-------- Exercise data --------

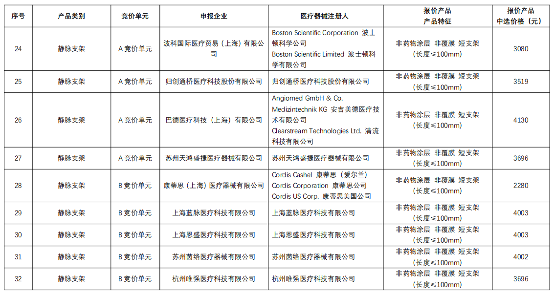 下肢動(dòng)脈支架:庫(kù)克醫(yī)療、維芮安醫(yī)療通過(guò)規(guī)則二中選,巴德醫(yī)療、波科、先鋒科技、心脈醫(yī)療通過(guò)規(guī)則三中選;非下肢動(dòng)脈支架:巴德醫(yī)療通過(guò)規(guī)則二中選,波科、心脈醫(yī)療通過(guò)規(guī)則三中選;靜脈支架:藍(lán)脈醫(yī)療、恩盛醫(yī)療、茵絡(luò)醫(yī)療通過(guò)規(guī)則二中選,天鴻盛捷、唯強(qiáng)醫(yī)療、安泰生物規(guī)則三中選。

--------
-------- Exercise data --------

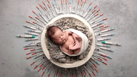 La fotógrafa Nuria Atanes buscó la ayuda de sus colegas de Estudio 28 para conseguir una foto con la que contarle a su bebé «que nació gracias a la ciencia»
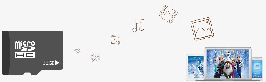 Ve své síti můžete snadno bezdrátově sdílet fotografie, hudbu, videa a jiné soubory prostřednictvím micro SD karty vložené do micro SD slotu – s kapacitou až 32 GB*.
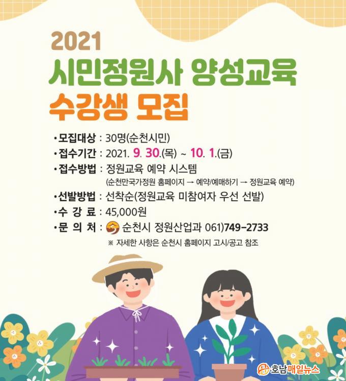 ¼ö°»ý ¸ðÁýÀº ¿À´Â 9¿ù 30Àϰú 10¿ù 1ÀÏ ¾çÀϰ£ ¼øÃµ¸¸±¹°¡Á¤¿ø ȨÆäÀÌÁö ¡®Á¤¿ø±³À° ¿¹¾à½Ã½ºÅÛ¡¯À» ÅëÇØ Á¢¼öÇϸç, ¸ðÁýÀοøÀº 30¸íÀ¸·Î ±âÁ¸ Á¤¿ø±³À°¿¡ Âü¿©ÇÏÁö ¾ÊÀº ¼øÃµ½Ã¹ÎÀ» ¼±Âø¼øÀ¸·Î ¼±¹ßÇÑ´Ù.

--------

## Task goal
Look back at the data above, then output exactly the lines from the line holding "Ve své síti" up to and including the line holding "9¿ù 30Àϰú 10¿ù". Leave out the pictures.

## Worked solution
 Ve své síti můžete snadno bezdrátově sdílet fotografie, hudbu, videa a jiné soubory prostřednictvím micro SD karty vložené do micro SD slotu – s kapacitou až 32 GB*.
 ¼ö°»ý ¸ðÁýÀº ¿À´Â 9¿ù 30Àϰú 10¿ù 1ÀÏ ¾çÀϰ£ ¼øÃµ¸¸±¹°¡Á¤¿ø ȨÆäÀÌÁö ¡®Á¤¿ø±³À° ¿¹¾à½Ã½ºÅÛ¡¯À» ÅëÇØ Á¢¼öÇϸç, ¸ðÁýÀοøÀº 30¸íÀ¸·Î ±âÁ¸ Á¤¿ø±³À°¿¡ Âü¿©ÇÏÁö ¾ÊÀº ¼øÃµ½Ã¹ÎÀ» ¼±Âø¼øÀ¸·Î ¼±¹ßÇÑ´Ù.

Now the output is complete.